Food is not a human right because it cannot reasonably be so. This is not a question of libertarianism but common sense. You have to think of it from the point of view of what happens when something goes wrong. Let me give two quick paragraphs of questions to illustrate the inevitable quandaries.
Let's say that I, living in Washington State, in the U.S., am dissatisfied with my portion of the apple harvest. So, I go to court and claim that my right to food has been violated. First, against whom do I file the claim? Is it King County? The state government? The federal government? Is it the apple growers? Which apple growers?
Since Washington produces so many apples, the state would have to sell a great many. Say they sold too many in my view. Say there was a shortage because a particular grower decided to sell his land late in the harvest. Say the government claims the money it got from apple sales was insufficient to buy enough beef. Now whose fault is that? The government's? Which government? Is the entire beef industry to blame or only those ranchers bringing cattle to market when Washington state wanted to buy beef?
The above is why we basically have two underlying concepts of rights in the US and Britain: negative rights (that which people and governments must *not* do to an individual) and property rights - *not* so-called "positive rights". Positive rights turn inevitably into a quagmire. What you all are talking about with a "food right" only makes sense as a property right to food production - a civil entitlement to a government subsidy like Medicare. That's fine, but it isn't a right. It's a contract among parties. Within the contract each member has rights, but there is no general, a priori right informing the contract, other than the right of citizens to, through duly-elected legislatures, create large-scale, civil agreements amongst themselves.

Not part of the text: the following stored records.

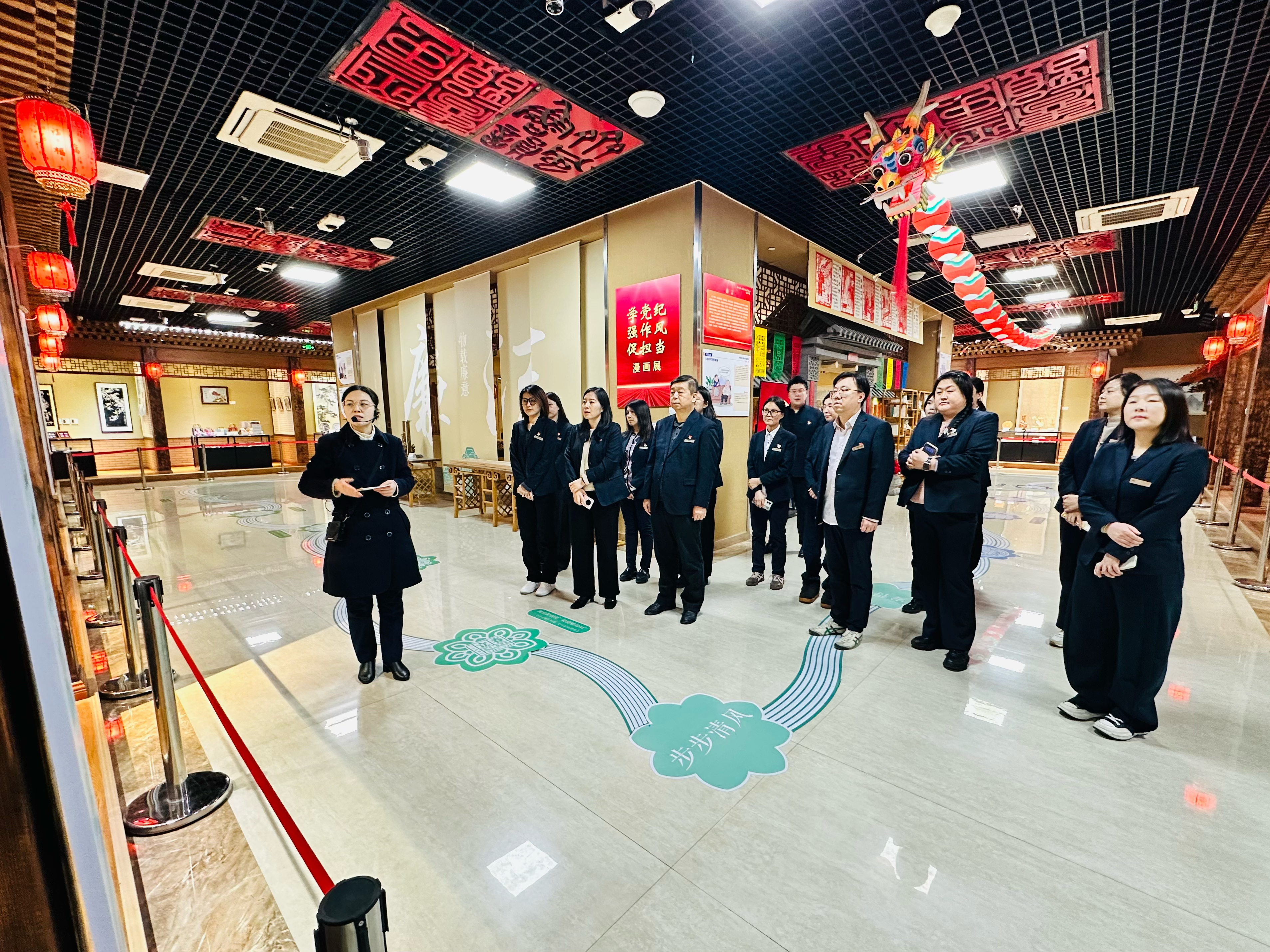 本次展览以“物载廉意 艺承正气”为内核,通过六大沉浸式展区,集中呈现第二届“青未了”杯廉洁文化作品创作大赛征集评选出的200余件优秀作品。客服管理部及全成政务公司的党员和入党积极分子认真观看展品,聆听现场讲解,从周村织锦画的“江山永固、气韵清正”,到剪纸艺术的“廉韵悠长”,再到锡雕的“出淤泥而不染”,沉浸式感悟传统工艺的精湛和共产党员所肩负的使命担当。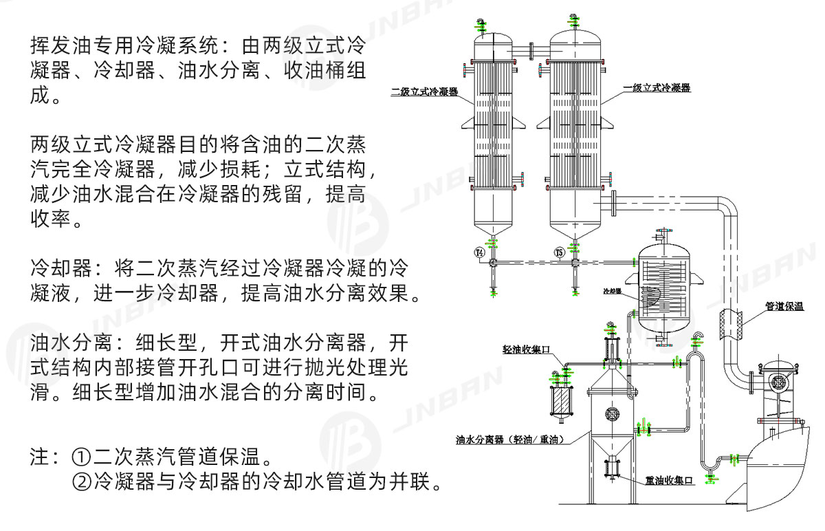 組成部分:設(shè)備由罐體、除沫器、冷凝器、冷卻器、油水分離器、收油筒、雙聯(lián)過濾器、輸送泵及內(nèi)部管道組成。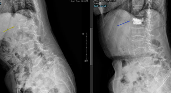 术前术后影像学检查对比显示:椎体高度完美恢复,骨水泥填充满意!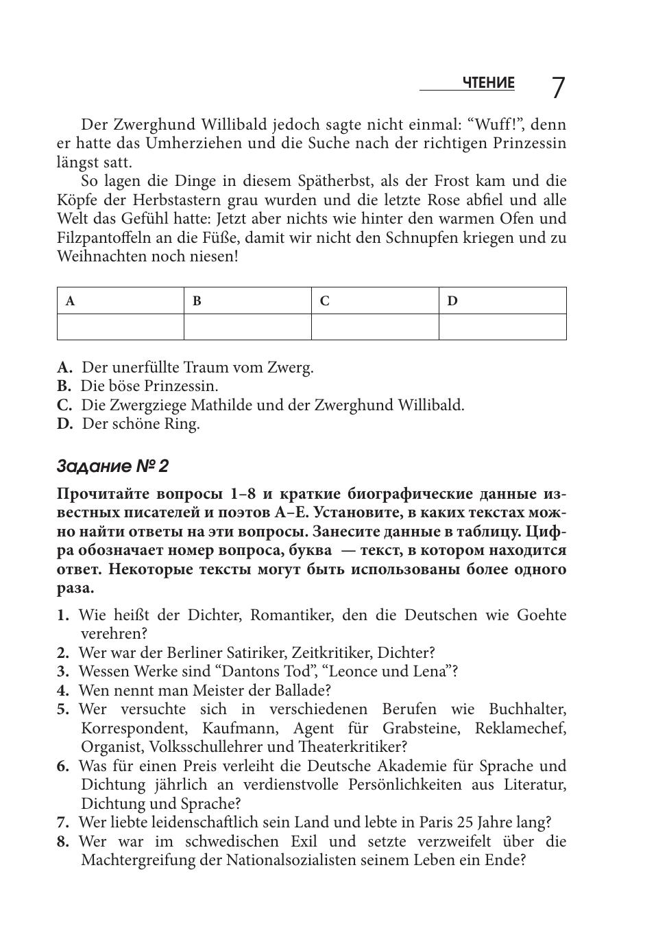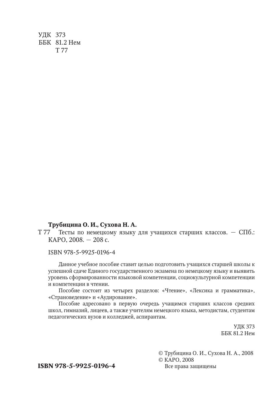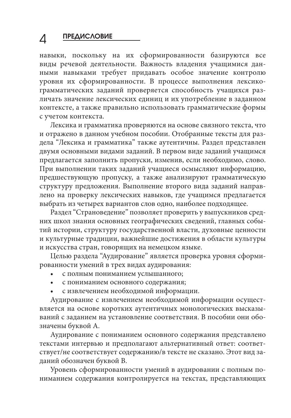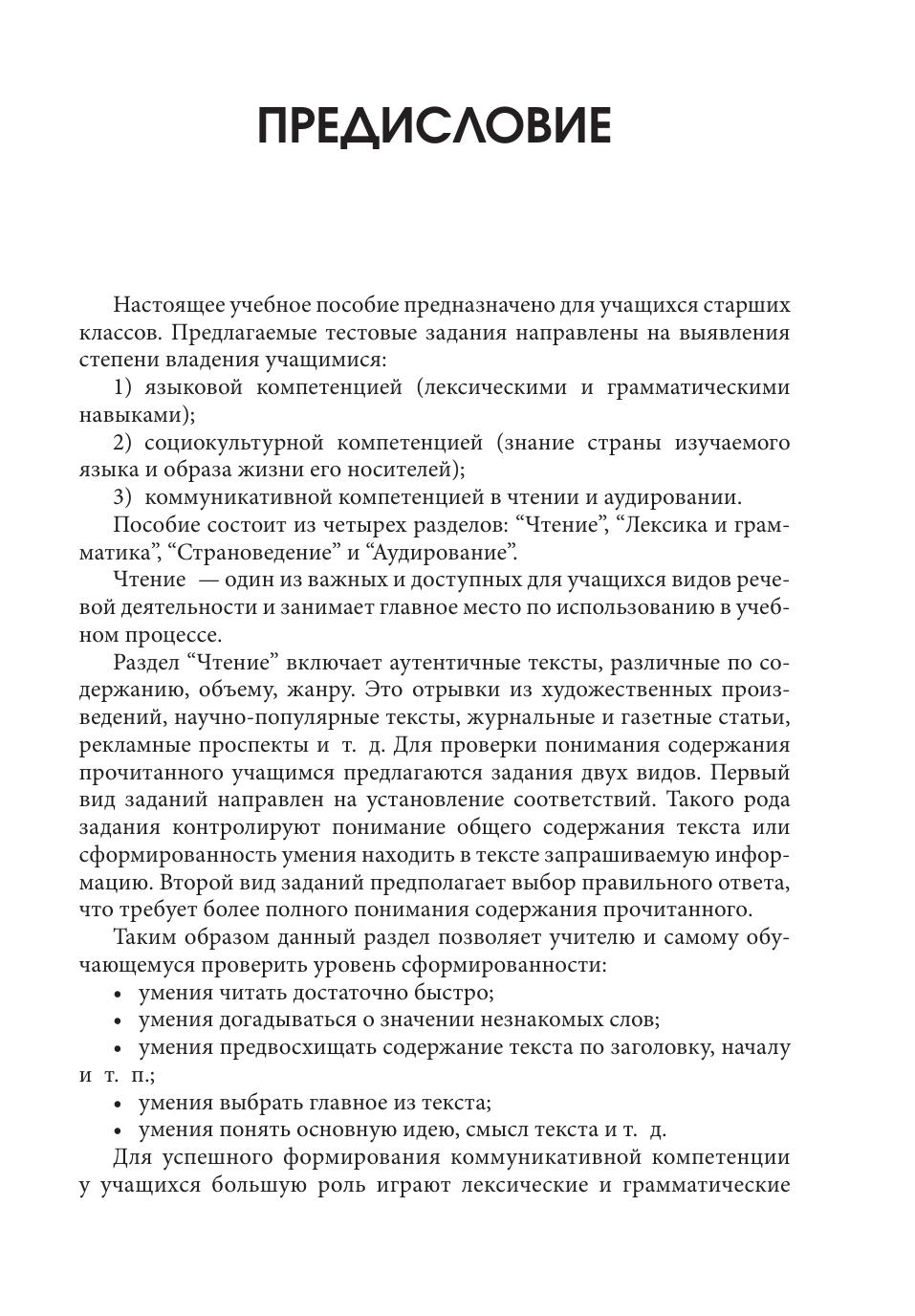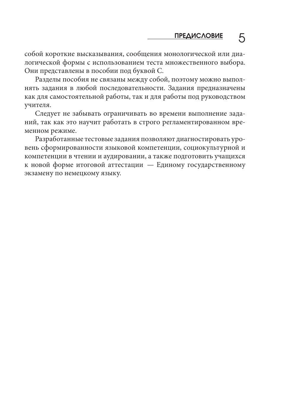 Данное учебное пособие ставит целью подготовить учащихся старшей школы к успешной сдаче Единого государственного экзамена по немецкому языку и выявить уровень сформированности языковой компетенции, социокультурной компетенции и компетенции в чтении. Пособие состоит из четырех разделов: «Чтение», «Лексика и грамматика», «Страноведение» и «Аудирование». Пособие адресовано в первую очередь учащимся старших классов средних школ, гимназий, лицеев, а также учителям немецкого языка, методистам, студентам педагогических вузов и колледжей, аспирантам.

Once you talk about food production in the real world, however, you take the question international and then you are in the world of treaties. If we want to say "There should a be a world food treaty," I say that's great. That statement, however, is miles away from saying there is a "right" to food. This "right" construction is naive, silly and without value.
Hakki,
You have property rights to your well water and the fish in public waters. In American you could sue and win.
Heartfield,
Clearly you see the problem but I think the transition to positive or social rights never loses sight of the idea of contracting among free people. As Justin says: "You have to be able to say what the right is _to_, you see, or the claim that there is a right is empty." Claims cannot remain vague and general demands on government but must ultimately be delineated and specified between consumers and producers, just as they are in a national health service, for example. A national health plan is not a "right" to healthcare, but a broadly-based contract among providers, consumers and a government administrator/mediator. The only difference is that the contract is not forged among the participants but in the legislature, a proper venue for such a generalized social contract.
Dennis Breslin,
When you talk about the "vocab[ulary] of rights" you have hit the nail on the head, if unwittingly. This "food right" is just empty verbiage, vocabulary unattached to rigorous thinking. A right doesn't exist simply because we speak of it.
Yoshie,
The U.S. language on this stupid Rome accord seems reasonable to me. See above.
Justin Schwartz,
You are opening a whole can of worms with the right to money enough for a living. I agree with you but this is new territory. Credit money, being created by government and bank fiat, is indeed a commodity to which we could establish a general right. It is far different from food because it is itself a contract of sorts. This is the way down which socialism will ultimate travel, in my view.